------ RECORDS FOR THE EXERCISE ------

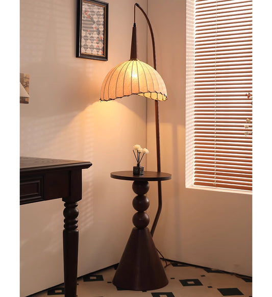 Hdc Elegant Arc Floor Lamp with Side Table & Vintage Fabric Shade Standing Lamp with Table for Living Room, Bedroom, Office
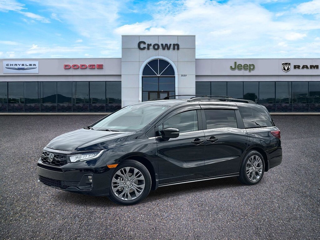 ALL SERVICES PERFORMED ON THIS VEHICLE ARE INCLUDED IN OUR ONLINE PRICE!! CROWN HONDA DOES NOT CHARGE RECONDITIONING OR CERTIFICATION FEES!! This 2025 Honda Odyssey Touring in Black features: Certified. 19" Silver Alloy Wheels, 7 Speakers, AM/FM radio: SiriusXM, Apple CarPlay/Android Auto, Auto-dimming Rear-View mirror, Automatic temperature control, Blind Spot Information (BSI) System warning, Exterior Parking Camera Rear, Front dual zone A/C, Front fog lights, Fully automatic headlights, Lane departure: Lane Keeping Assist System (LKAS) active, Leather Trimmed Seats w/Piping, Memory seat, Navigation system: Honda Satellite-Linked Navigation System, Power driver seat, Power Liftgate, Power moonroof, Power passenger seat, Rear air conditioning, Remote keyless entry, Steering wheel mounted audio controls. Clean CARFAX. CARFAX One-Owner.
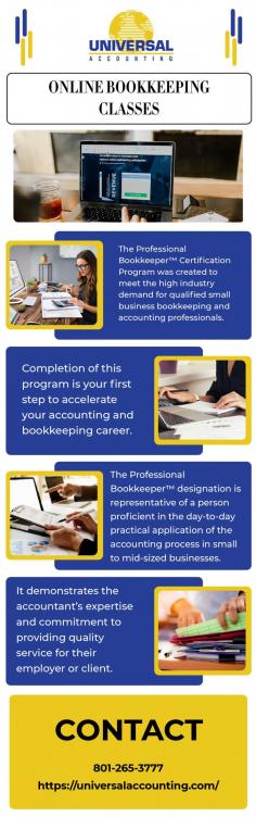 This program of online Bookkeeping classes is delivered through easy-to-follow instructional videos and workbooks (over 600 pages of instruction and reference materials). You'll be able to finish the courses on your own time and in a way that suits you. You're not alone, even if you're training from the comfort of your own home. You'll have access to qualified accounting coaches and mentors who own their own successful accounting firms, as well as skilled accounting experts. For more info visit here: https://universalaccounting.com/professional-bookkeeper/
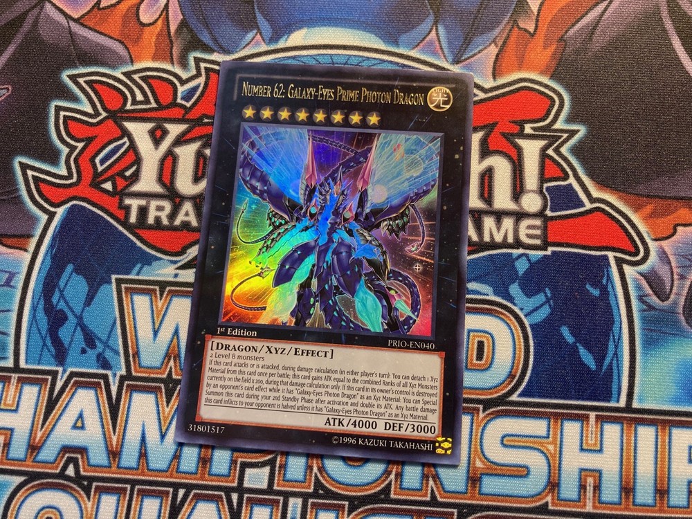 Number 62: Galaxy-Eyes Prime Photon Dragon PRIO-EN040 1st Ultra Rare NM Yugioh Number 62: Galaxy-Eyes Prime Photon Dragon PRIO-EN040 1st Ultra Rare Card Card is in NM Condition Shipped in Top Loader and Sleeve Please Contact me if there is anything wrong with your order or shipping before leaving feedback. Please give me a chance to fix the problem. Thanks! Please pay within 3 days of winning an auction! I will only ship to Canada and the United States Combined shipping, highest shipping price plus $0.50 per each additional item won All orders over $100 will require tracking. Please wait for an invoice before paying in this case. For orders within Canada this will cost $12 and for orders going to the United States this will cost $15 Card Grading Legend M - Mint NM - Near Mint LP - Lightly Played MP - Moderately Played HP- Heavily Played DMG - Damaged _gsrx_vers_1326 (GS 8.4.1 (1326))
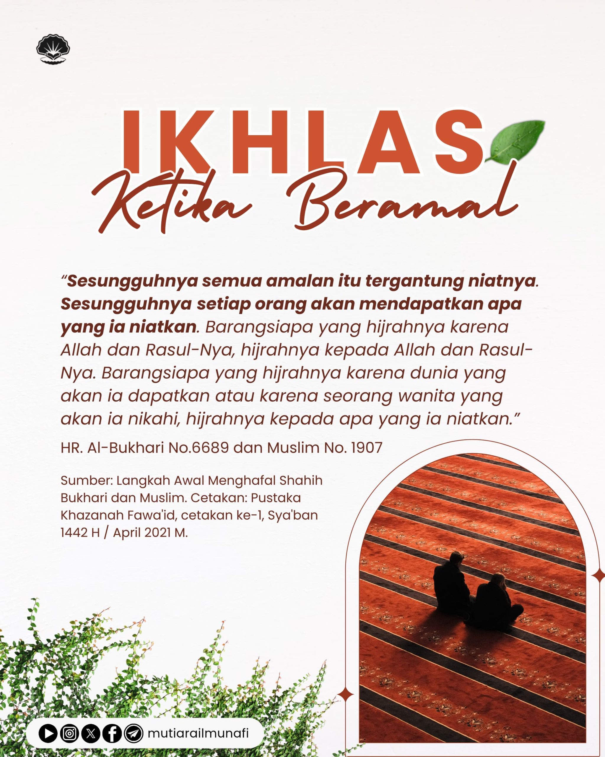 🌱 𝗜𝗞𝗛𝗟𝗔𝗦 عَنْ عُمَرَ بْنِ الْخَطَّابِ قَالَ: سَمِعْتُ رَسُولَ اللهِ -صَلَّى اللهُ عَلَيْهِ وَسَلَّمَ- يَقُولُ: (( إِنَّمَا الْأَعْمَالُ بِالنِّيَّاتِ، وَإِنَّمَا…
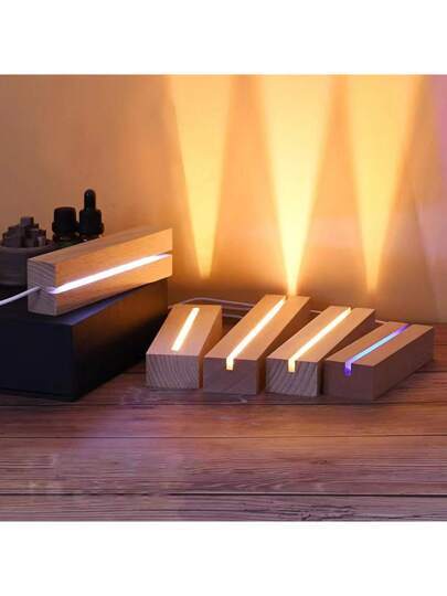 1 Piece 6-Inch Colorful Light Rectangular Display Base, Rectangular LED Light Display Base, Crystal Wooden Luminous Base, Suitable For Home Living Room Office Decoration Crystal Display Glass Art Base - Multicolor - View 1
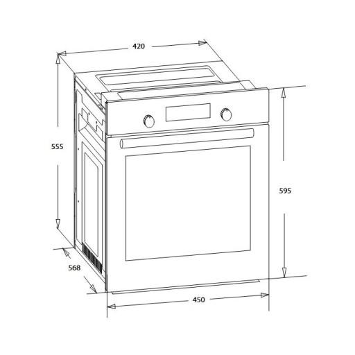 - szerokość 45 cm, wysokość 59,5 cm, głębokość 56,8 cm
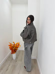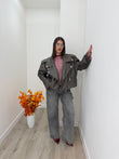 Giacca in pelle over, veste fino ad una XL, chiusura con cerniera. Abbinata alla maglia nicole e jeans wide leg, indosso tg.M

------

■ **WORK INSTRUCTIONS**
Repeat every record above exactly. Omit the pictures.

■ **EXERCISE RESULT**
 Hdc Elegant Arc Floor Lamp with Side Table & Vintage Fabric Shade Standing Lamp with Table for Living Room, Bedroom, Office
 ALL SERVICES PERFORMED ON THIS VEHICLE ARE INCLUDED IN OUR ONLINE PRICE!! CROWN HONDA DOES NOT CHARGE RECONDITIONING OR CERTIFICATION FEES!! This 2025 Honda Odyssey Touring in Black features: Certified. 19" Silver Alloy Wheels, 7 Speakers, AM/FM radio: SiriusXM, Apple CarPlay/Android Auto, Auto-dimming Rear-View mirror, Automatic temperature control, Blind Spot Information (BSI) System warning, Exterior Parking Camera Rear, Front dual zone A/C, Front fog lights, Fully automatic headlights, Lane departure: Lane Keeping Assist System (LKAS) active, Leather Trimmed Seats w/Piping, Memory seat, Navigation system: Honda Satellite-Linked Navigation System, Power driver seat, Power Liftgate, Power moonroof, Power passenger seat, Rear air conditioning, Remote keyless entry, Steering wheel mounted audio controls. Clean CARFAX. CARFAX One-Owner.
 This program of online Bookkeeping classes is delivered through easy-to-follow instructional videos and workbooks (over 600 pages of instruction and reference materials). You'll be able to finish the courses on your own time and in a way that suits you. You're not alone, even if you're training from the comfort of your own home. You'll have access to qualified accounting coaches and mentors who own their own successful accounting firms, as well as skilled accounting experts. For more info visit here: https://universalaccounting.com/professional-bookkeeper/
 Number 62: Galaxy-Eyes Prime Photon Dragon PRIO-EN040 1st Ultra Rare NM Yugioh Number 62: Galaxy-Eyes Prime Photon Dragon PRIO-EN040 1st Ultra Rare Card Card is in NM Condition Shipped in Top Loader and Sleeve Please Contact me if there is anything wrong with your order or shipping before leaving feedback. Please give me a chance to fix the problem. Thanks! Please pay within 3 days of winning an auction! I will only ship to Canada and the United States Combined shipping, highest shipping price plus $0.50 per each additional item won All orders over $100 will require tracking. Please wait for an invoice before paying in this case. For orders within Canada this will cost $12 and for orders going to the United States this will cost $15 Card Grading Legend M - Mint NM - Near Mint LP - Lightly Played MP - Moderately Played HP- Heavily Played DMG - Damaged _gsrx_vers_1326 (GS 8.4.1 (1326))
 🌱 𝗜𝗞𝗛𝗟𝗔𝗦 عَنْ عُمَرَ بْنِ الْخَطَّابِ قَالَ: سَمِعْتُ رَسُولَ اللهِ -صَلَّى اللهُ عَلَيْهِ وَسَلَّمَ- يَقُولُ: (( إِنَّمَا الْأَعْمَالُ بِالنِّيَّاتِ، وَإِنَّمَا…
 1 Piece 6-Inch Colorful Light Rectangular Display Base, Rectangular LED Light Display Base, Crystal Wooden Luminous Base, Suitable For Home Living Room Office Decoration Crystal Display Glass Art Base - Multicolor - View 1
 - szerokość 45 cm, wysokość 59,5 cm, głębokość 56,8 cm
 Giacca in pelle over, veste fino ad una XL, chiusura con cerniera. Abbinata alla maglia nicole e jeans wide leg, indosso tg.M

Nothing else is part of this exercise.